Sunday dawned brightly. There was sunshine splashed all over the pavements of Leith. At every major junction knots of happy Hibs fans were waiting for their lifts and their buses. My son Ally had come up from London. My brother Michael, heroically volunteering to drive, had motored down from Fife. Others had flown in from Australia and Dubai. It didn’t matter that it was the Diddy Cup. We were going to win it. Daylight robbery by the Highlanders hadn’t even crossed my radar.
Maybe I should have taken heed of the omens. My brother had a flat battery before he left the house. Then at the Barnton roundabout where he picked me up, a woman with a wean started pulling faces and pointing at the car. A flat battery followed by a flat tyre. No panic. We soon had the space-saver on and joined the hopeful Hibees en route to Hampden.
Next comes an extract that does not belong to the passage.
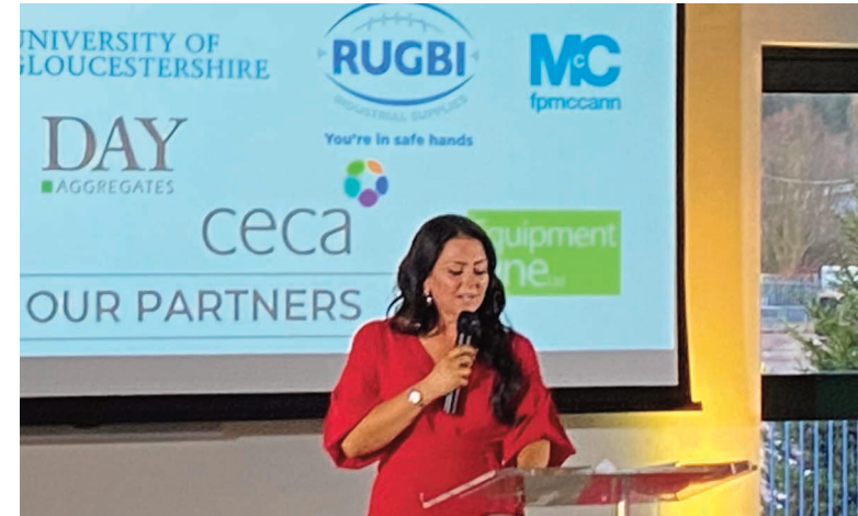
AccXel launch event in November 2021

Lunch at the Battlefield Rest, just ten minutes from the National Stadium, was jolly. The wine was flowing in three colours, white, red and rose. Our cheeks were white, red and rosy too. Some of the cute kids in shiny new Hibs strips looked young enough to still be in nappies. There was Malcolm Ross from Orange Juice grinning like the 20-year-old he was when they were in their pomp. And my goodness, there was some demented clown, ever-so-slightly refreshed, leading the restaurant in a chorus of “We’ve got JONES, always believe in Rob Jones”. It was me.
And oh the noise at Hampden Park. We raised the roof: “We’ve got John McGinn, Super John McGinn, I just don’t think you understand. He’s Alan Stubb’s man, he’s better than Zizdane, we’ve got Super John McGinn.” Another omen if I cared to look; because the melody we sang to those lyrics was Achy Breaky Heart and the Hibees lost no time in breaking ours. Kevin Thomson was a slow square-passer when he first played for Hibs under Tony Mowbray. This time round, with Ross County looking toothless, he square-passed straight into the path of man-bun-wearing Jackson Irvine who fed it to Gardyne. Marvin Bartley looked to have made a goal-saving tackle but Gardyne got the break of the bobble and sportingly stayed on his feet to put the Highlanders ahead.
At that stage, I felt fine. I couldn’t see us not equalizing and sure enough, right on the stroke of half-time, Liam Fontaine spun and fizzed a shot in at Woods’ right hand post. Cue dancing, hugging, singing and shouting. Oh and pies, lots of pies.
The game restarted optimistically and as the clock ticked to extra time, I still felt comfortable. We would do this. Then with only their fourth attack of the entire game Ross County got a decent cross in. Tragic Liam Fontaine stuck a leg out and the word GOAL jumped about on the big screen. Sorrow, sorrow, sorrow, sorrow.